# [FreeNAS] Local NSM refuses to monitor ...



## deanac (Nov 21, 2011)

On my console screen I have the following message:


```
freenas rpc.statd: Invalid hostname on sm_mon:FrontOffice
freenas kernel: Local NSM refuses to monitor FrontOffice
```

FrontOffice is running Kubuntu 10.04LTS and is accessing FreeNAS 8.0.2 x32 via NFS. My NAS box has 2 mirrored 500MB HD's, AMD Duron processor, and 2 gig's of ram.
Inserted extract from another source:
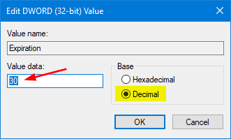 - 将新的 DWORD 值命名为到期日,然后双击进行修改。

I also have a Windows PC running XP and accessing the NAS with CIFS. I upgraded from 7 to 8.0 and as far as I know these error messages started with the update to 8.0

I can write to and read from the NAS from both computers and there does not appear to be any operational problems. Do I need to do something to correct this or can I ignore it?


----------



## DutchDaemon (Nov 21, 2011)

Disclaimer: Topics about PC-BSD | *FreeNAS* | DesktopBSD | m0N0WALL | pfSense | Debian GNU/kFreeBSD


----------



## deanac (Nov 21, 2011)

*Local NSM refuses to monitor ...*

From your post I am not sure if I did something wrong. I get the impression that you think my problem should be posted on the FreeNAS forum. I appreciate your input. I believe this is an underlying network configuration problem and that is why I posted here. If you believe this to be a FreeNAS issue I wish you would simply say so. Otherwise, I appreciate all help in resolving this issue.


----------



## SirDice (Nov 22, 2011)

The first message is related to DNS or more specifically name resolving.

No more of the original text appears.